Bayley's paternal grandfather, Dr. Richard Bayley, was a professor at Columbia College who created New York's quarantine system. Dr. Bayley had three children by his first wife, among whom was Elizabeth Ann Seton, who was canonized in 1975 as the first American-born Catholic saint. After his first wife's death, Dr. Bayley married Charlotte Amelia Barclay, a member of the Roosevelt family, and the couple had seven children, the sixth of whom was Archbishop Bayley's father, Guy Carleton Bayley, born in 1786. Guy Carleton Bayley, a physician like his father, married his second cousin Grace Roosevelt, six years his junior, on November 4, 1813. Grace Roosevelt was the daughter of Jacobus Roosevelt and Maria Eliza Walton, and her brother, Isaac Roosevelt, was the grandfather of future President Franklin D. Roosevelt, making Archbishop Bayley a first cousin to President Roosevelt's father James Roosevelt I, and a fourth cousin twice removed of future President Theodore Roosevelt.

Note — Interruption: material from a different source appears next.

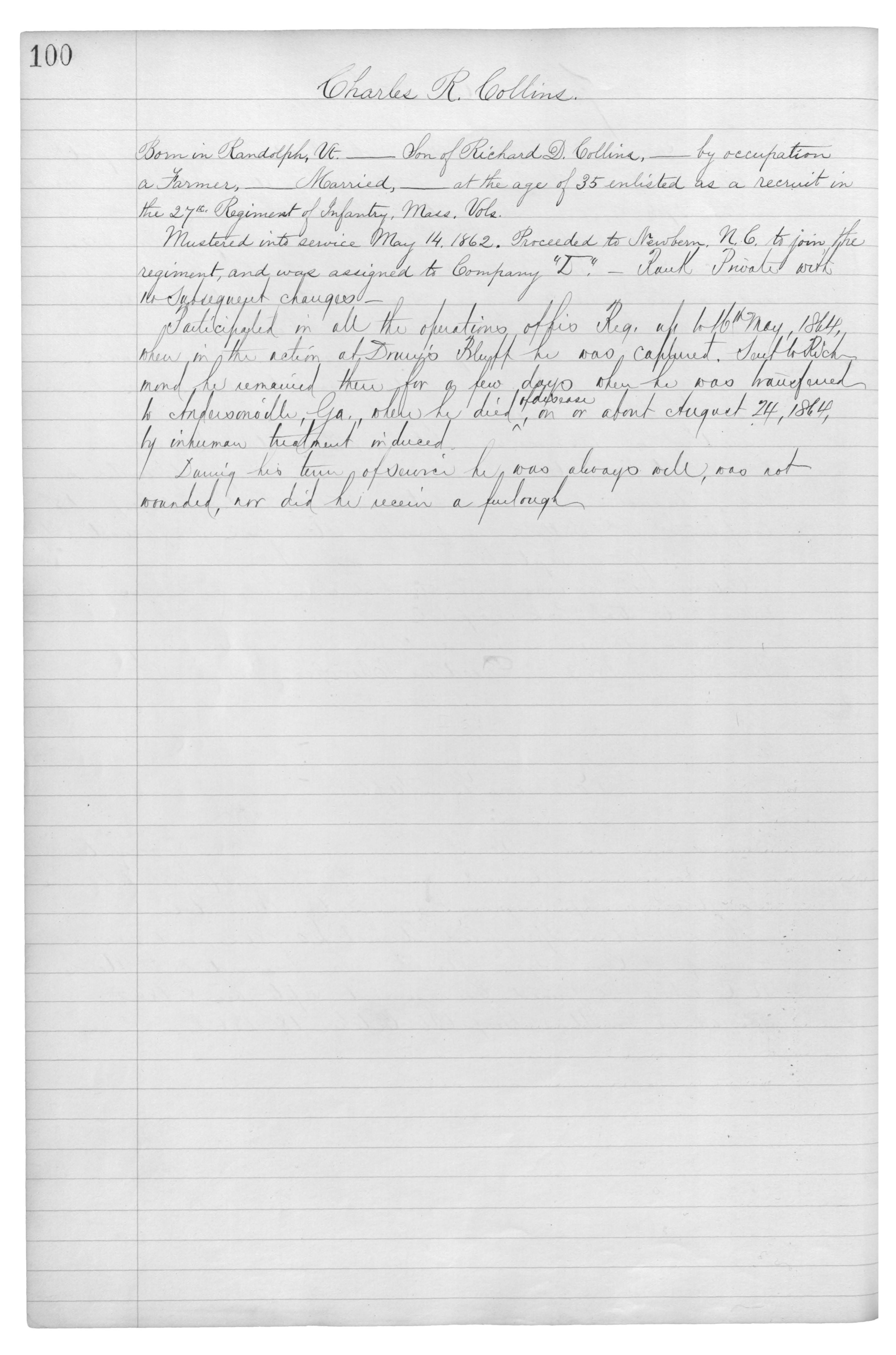 Born in Randolph, Vt.___ Son of Richard D. Collin,___ by occupation a Farmer,___ Married,___ at the age of 35 enlisted as a recruit in the 27th Regiment of Infantry, Mass. Vols.

Bayley was the couple's first child, born at their home at 65 Chambers Street, New York City, on August 23, 1814, and baptized at Trinity Church on September 21. A brother Richard was born on October 25, 1816, while the family was living at 331 Pearl Street, beside Grandfather Roosevelt's place of business at 333 Pearl Street. The following year, Dr. Bayley, probably desiring more healthful surroundings for his family than the city, purchased three pieces of land in Mamaroneck in Westchester County, and the family made their new home on one of these, a fifty-acre plot known as Nelson Hill. In this home, three other children were born: Carleton in November 1818, William Augustus in May 1821, and the only daughter, Maria Eliza, on March 1, 1823.
One writer asserts that Bayley's early school days were spent at Mendham Township, New Jersey. Another relates that he received a fair elementary education in the "public schools" of New York and displayed great studiousness and "an extraordinary love of miscellaneous reading." This may have referred to the schools in Mamaroneck or in New York City, where he may have lived with his grandfather. A later biographer infers he may have begun his earliest education in New Jersey and continued it in New York.

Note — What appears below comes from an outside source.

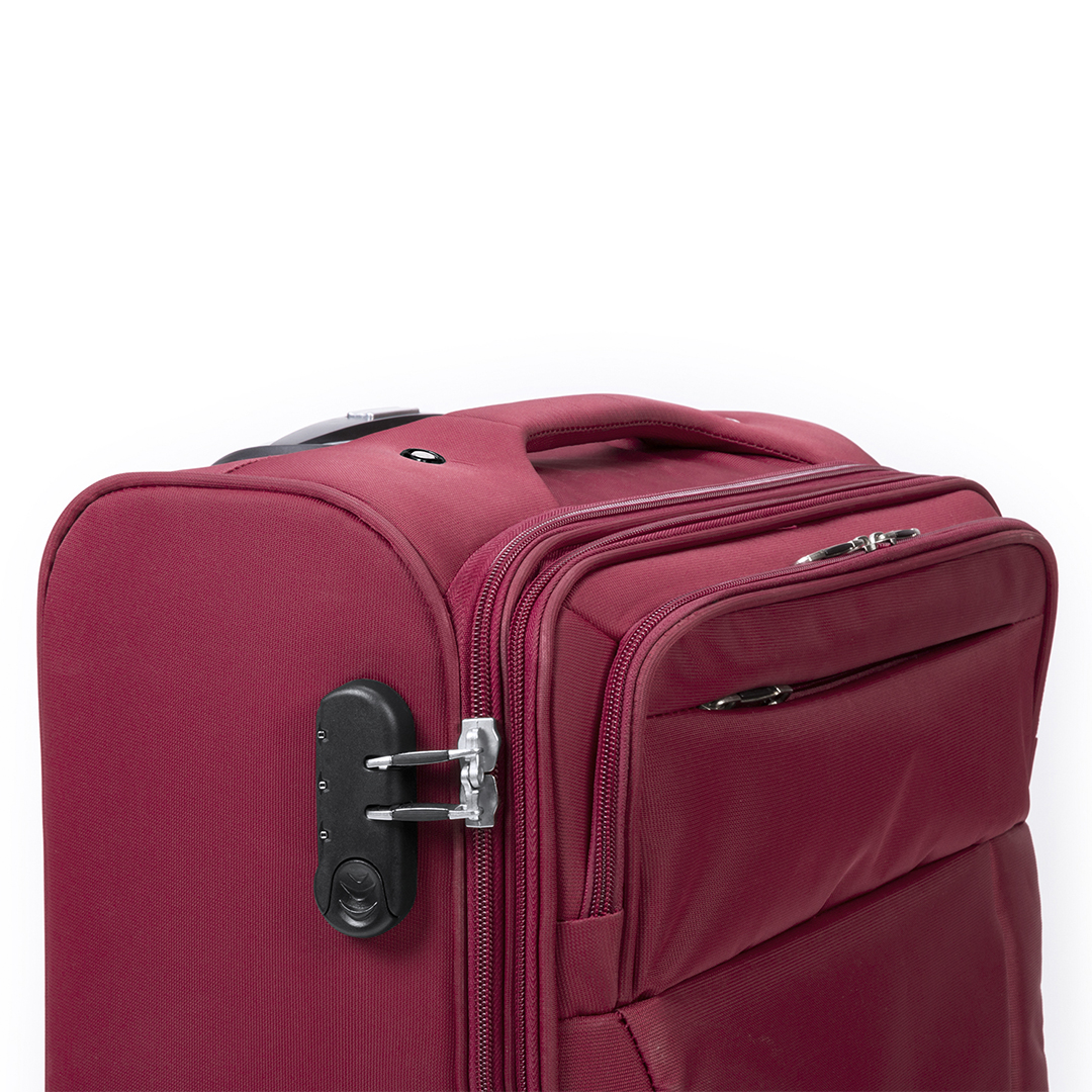 Trolley de negocios de apertura total con 4 ruedas telescópicas acabado en nylon. De sobrios colores, con asa exterior reforzada a juego y prácticos bolsillos en parte frontal. Con identificador, cierre de seguridad de combinación numérica y cremalleras a juego, incluye además compartimento interior acolchado para ordenador portátil de hasta 15 pulgadas y multitud de bolsillos interiores.

Bayley's mother died on March 28, 1828, and by 1830 the Bayleys had left their home at Mamaroneck and had moved back to New York, or at least nearer to it. In the autumn of 1828 or 1829, Bayley left for boarding school, spending some time at the Mount Pleasant Classical Institute in Amherst, Massachusetts. A classmate there later recalled, "he then had a great fancy for the sea, and actually obtained a commission of midshipman in the navy. When he appeared before us in his uniform preparatory to leaving school, I well remember our admiration and envy of the naval hero. But upon mature deliberation he reconsidered the matter, packed his uniform away, and devoted himself to his studies more earnestly than ever." For many years after, his friends called him by the nickname "the commodore." The same classmate recalled that "I do not remember that the commodore was ever counted in when there was a quarrel, for he was everybody's friend." Bayley kept up his friendships from this school until the end of his life, and regularly sent letters to class reunions even when he could not attend in person.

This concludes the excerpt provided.